[GIVEN RECORDS]

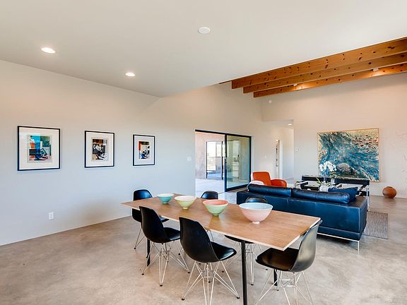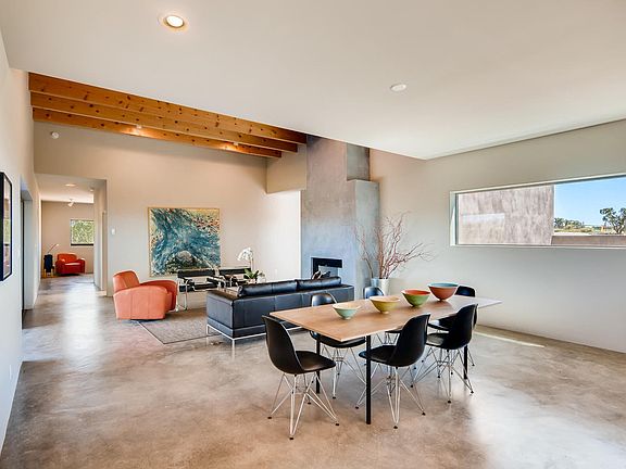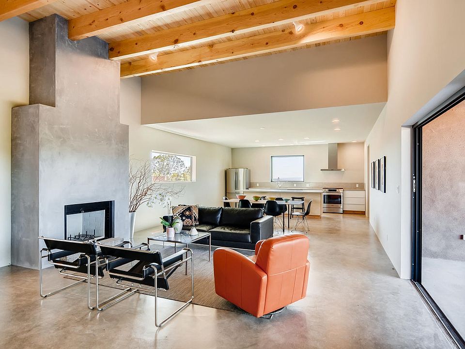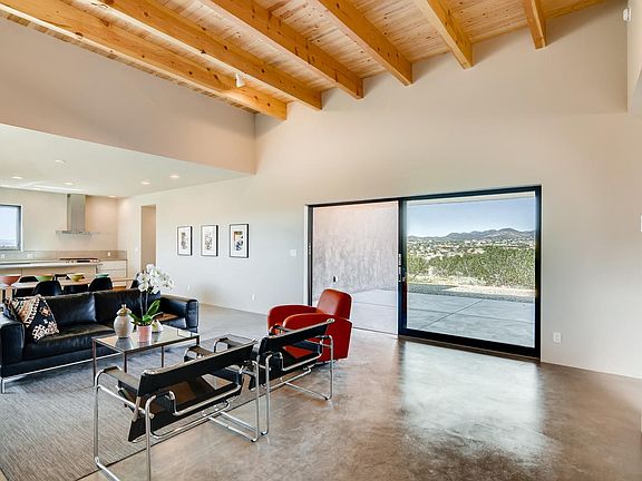 Smashing contemporary design and a new floor plan by design/builder, EJ Jennings, located on Spur Ranch Road with panoramic, "big" views of the Sangre de Cristos and Jemez mountains. The dramatic open concept is ideal for entertaining and modern living with the living room opening onto a expansive portal. The cook's kitchen offers a generous center island , sleek Euro style cabinetry, quartz counter tops, tile accents, stainless appliances, and inset stainless sink. Home offers rare new construction, hard edge lines, smooth finished concrete floors, high efficiency heating system, R50 roof and R30 walls, Cat 6 wiring, sound insulation for interior walls, "Western" brand windows which are high end commercial quality, beams in living area and all of today's current building code standards. Open concept living/kitchen/dining area, master suite with spacious master bath which is beautifully tiled, split plan with sizable second bedroom and an oversized/generous 3rd bedroom which is designed to be studio/work area. The Galisteo Preserve is near by for hiking and your enjoyment. Natural gas, Eldorado water and a 2.7 acre lot. Very short travel distance on dirt road to Hywy 285.
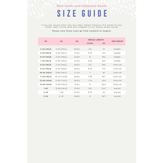 | Size | 3 EU 19, 4 EU 20.5, 5 EU 21.5, 6 EU 23, 7 EU 24, 8 EU 25.5, 9 EU 26.5, 10 EU 28, 11 EU 29, 12 EU 30.5, 13 EU 32, 1 EU 33, 2 EU 34.5 |
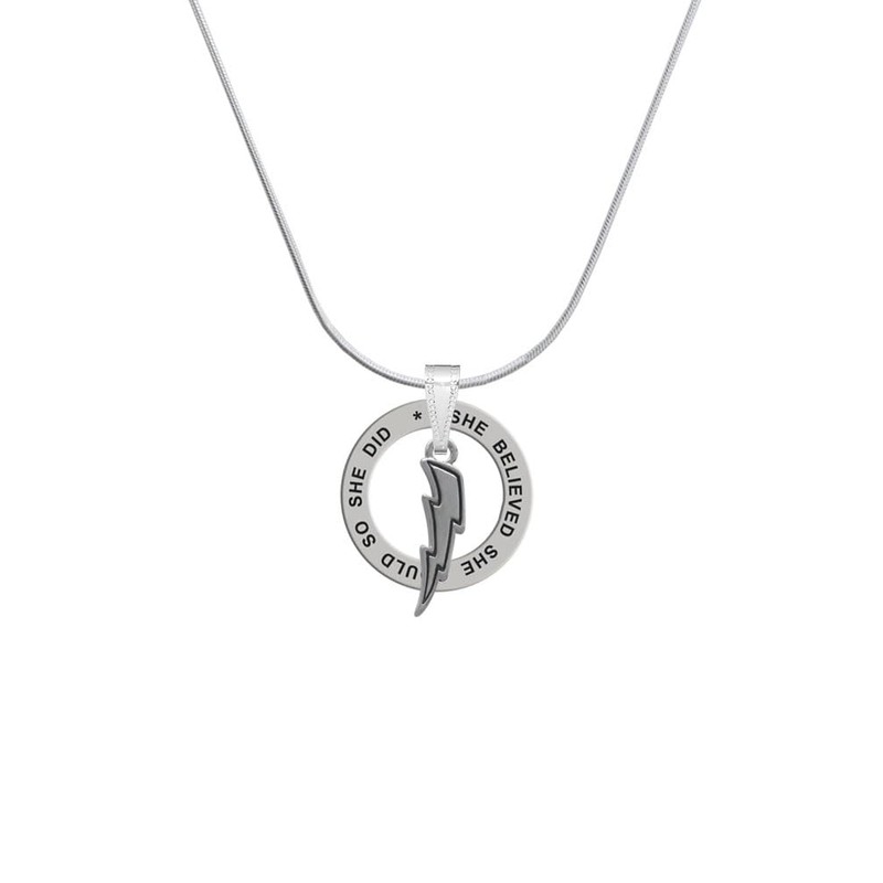 - Imitation Rhodium Plated Lightning Bolt - Silvertone She Believed She Could So She Did Message Ring Necklace, 18".
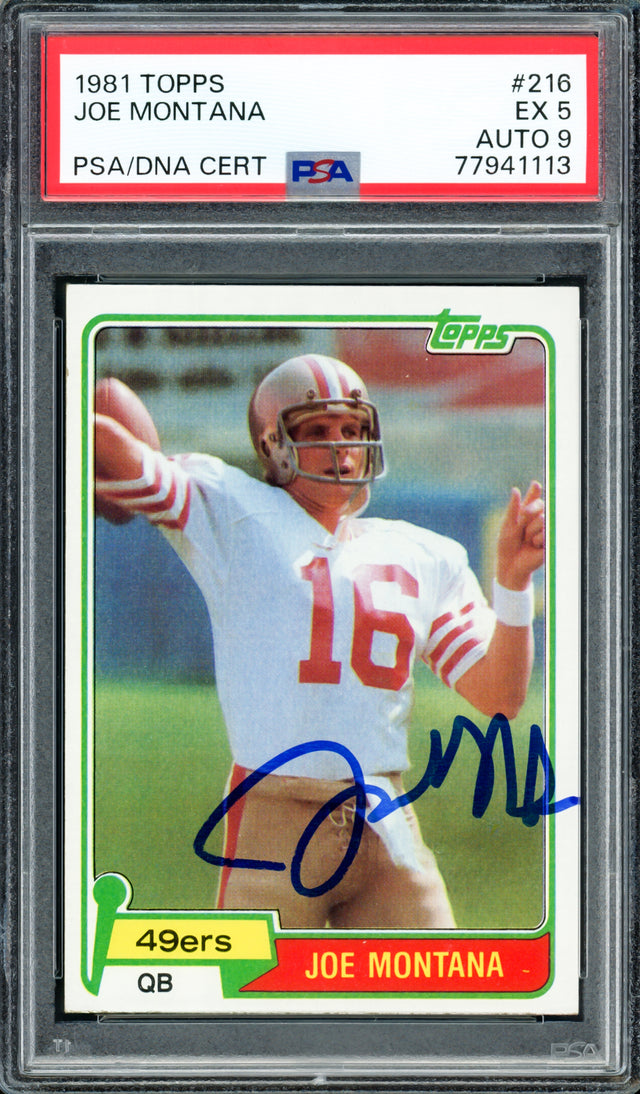 Joe Montana Autographed 1981 Topps Rookie Card #216 San Francisco 49ers PSA 5 Auto Grade Mint 9 PSA/DNA #77941113
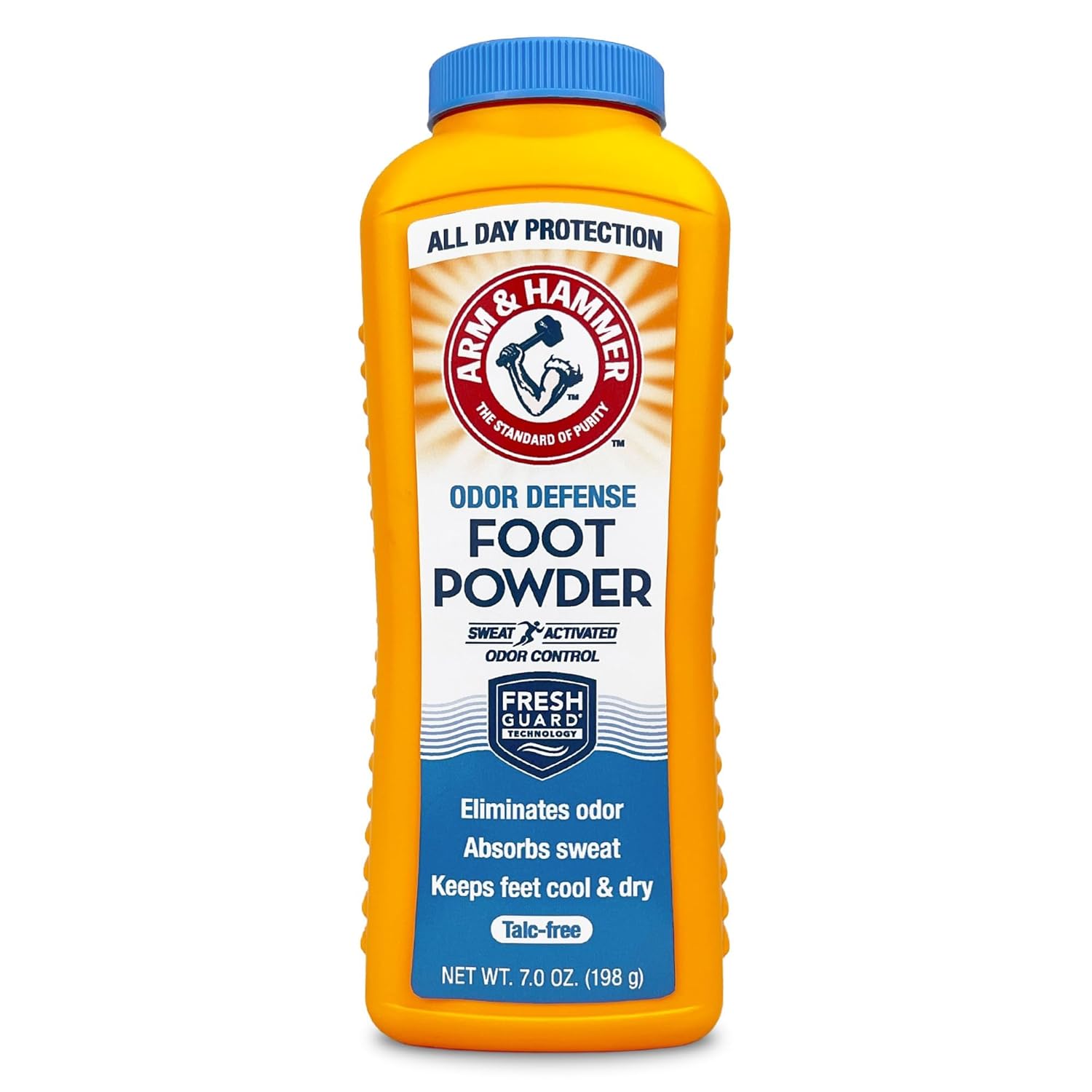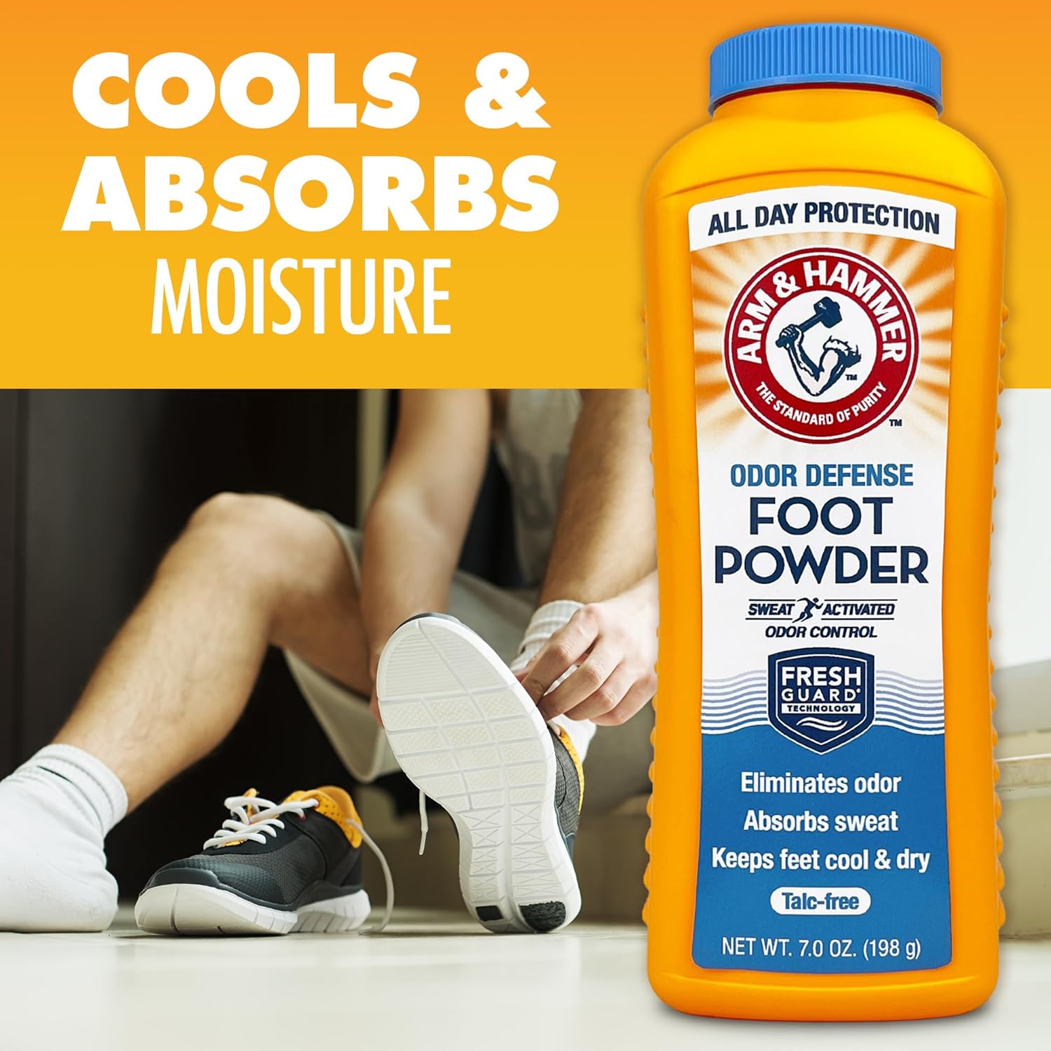 Arm & Hammer Talcvrij Voetpoeder is speciaal ontwikkeld om zweetvoeten tegen te gaan. De formule met natuurlijke baking soda neutraliseert geurtjes, absorbeert vocht en houdt je voeten fris en droog, zonder het gebruik van talk. Ideaal voor dagelijks gebruik, zowel in schoenen als direct op de huid.

[/GIVEN RECORDS]

» **ASSIGNED TASK**: Going from the line holding "2 EU 34.5 |" to the last line of the data above, reproduce every line exactly, both included, with the pictures omitted.

» **OUTPUT OF THE EXERCISE**:
 | Size | 3 EU 19, 4 EU 20.5, 5 EU 21.5, 6 EU 23, 7 EU 24, 8 EU 25.5, 9 EU 26.5, 10 EU 28, 11 EU 29, 12 EU 30.5, 13 EU 32, 1 EU 33, 2 EU 34.5 |
 - Imitation Rhodium Plated Lightning Bolt - Silvertone She Believed She Could So She Did Message Ring Necklace, 18".
 Joe Montana Autographed 1981 Topps Rookie Card #216 San Francisco 49ers PSA 5 Auto Grade Mint 9 PSA/DNA #77941113
 Arm & Hammer Talcvrij Voetpoeder is speciaal ontwikkeld om zweetvoeten tegen te gaan. De formule met natuurlijke baking soda neutraliseert geurtjes, absorbeert vocht en houdt je voeten fris en droog, zonder het gebruik van talk. Ideaal voor dagelijks gebruik, zowel in schoenen als direct op de huid.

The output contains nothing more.